The ties that bind
So FPM leader and MP, Michel Aoun flew into Tehran on Sunday to, in his own words, “establish friendship” with a nation he also declared, at a press conference on Monday with Iranian foreign minister Manouchehr Mottaki, had never supported one Lebanese group against another.
We’ll put the latter piece of stand-up comedy down to jet lag and focus on his first statement, made at Beirut airport before he boarded the plane to Tehran. Someone should have told the former army commander that the ties that bind – and we don’t mean in the good sense – were established between Iran and Lebanon nearly a quarter of a century ago, courtesy of Hezbollah.
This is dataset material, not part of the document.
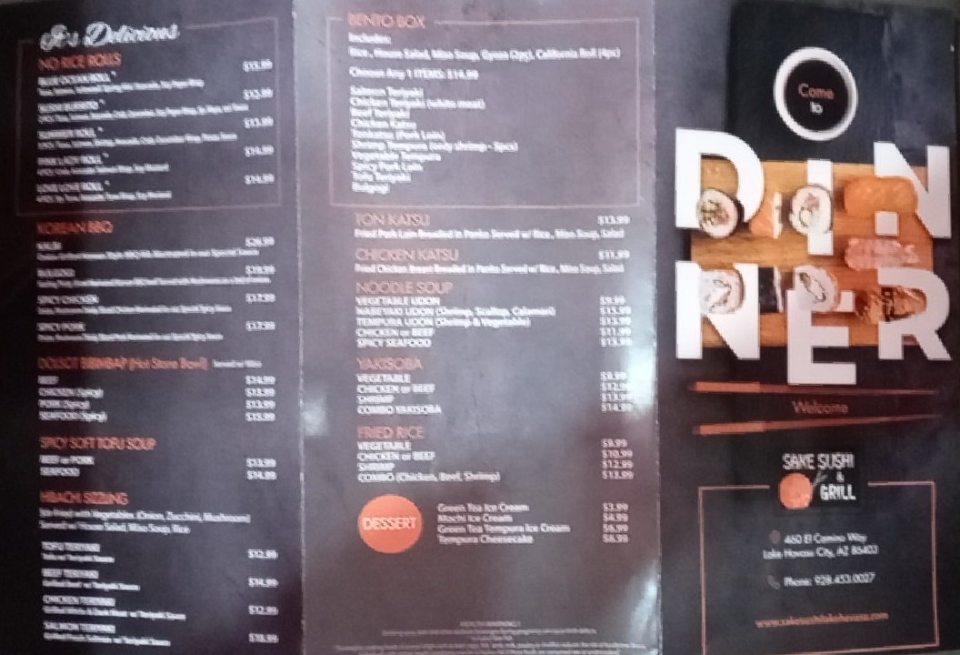 Welcome to Sake Sushi & Grill, a culinary gem in Lake Havasu City, AZ. Located at 460 El Camino Way, this restaurant seamlessly blends Japanese and Korean cuisines to create an extensive menu that delights the senses. Patrons rave about the expertly crafted sushi and generous portions, highlighting the Nigiri and Sashimi as standout favorites. The chef’s skill shines through each dish, particularly in the vibrant flavors of the Beef Bibimbap served in a traditional hot stone bowl.

It is a well-documented friendship. Aoun’s main ally in the March 8 bloc receives its doctrinal inspiration, martial means and military ethos from Tehran. Iran allegedly pumps at least $50 million dollars a month into Lebanon, and after the 2006 summer war, got out its oil-drenched check book to stump up further reparations for damage its local proxy had incurred in its disastrous one month battle with Israel. In fact, it is no exaggeration to posit that Iran sees Lebanon, through the prism of Hezbollah, as nothing short of a satellite state. So in terms of friendship that box appears to be ticked.
So why is the former army commander going to Iran, especially as he has spent the past two years trying to convince his followers that his MOU with Hezbollah was signed purely on the basis of cementing national unity? It is no secret that even those within his inner circle in the FPM are concerned about the direction, both geographical and political, their leader is taking them. The Iran trip comes on the heels of internal dissention over Aoun’s son-in-law, Telecommunications Minister and MP Gebran Bassil’s riding roughshod within the party.
Maybe one should look at Aoun’s robust defense of Hezbollah in the past six months – his backing of the attempted coup, his tour of the south, his refusal to condemn the murder of a Lebanese army pilot and his hounding of French language daily, L’ Orient Le Jour, when it dared to question whether the shooting was an accident – for a clue as to why it appears that Aoun’s role in Lebanese politics as been reduced to do Hezbollah’s, and by extension Iran’s, bidding.
Finally, as Aoun sits with the theocratic rulers of Iran, the Christian leader should be advised about a little-noticed draft law that passed the first of two votes in the Iranian Parliament over the summer. The legislation mandates the death penalty for anyone who converts from Islam and appears poised to become a justification for persecuting Christians and Baha’is. Tehran has executed Muslims for converting to Christianity in the past, and, with conversion becoming increasingly common in the Islamic Republic, this legislation – which Iranian President Mahmoud Ahmadinejad lobbied for – flies in the face of not only international human rights, but also Lebanon’s spirit of religious tolerance. As a self-described representative of the Christian community in Lebanon, Aoun should be worried about sitting at the same table as those who would hang a man for his religious beliefs. He should choose his friends more carefully.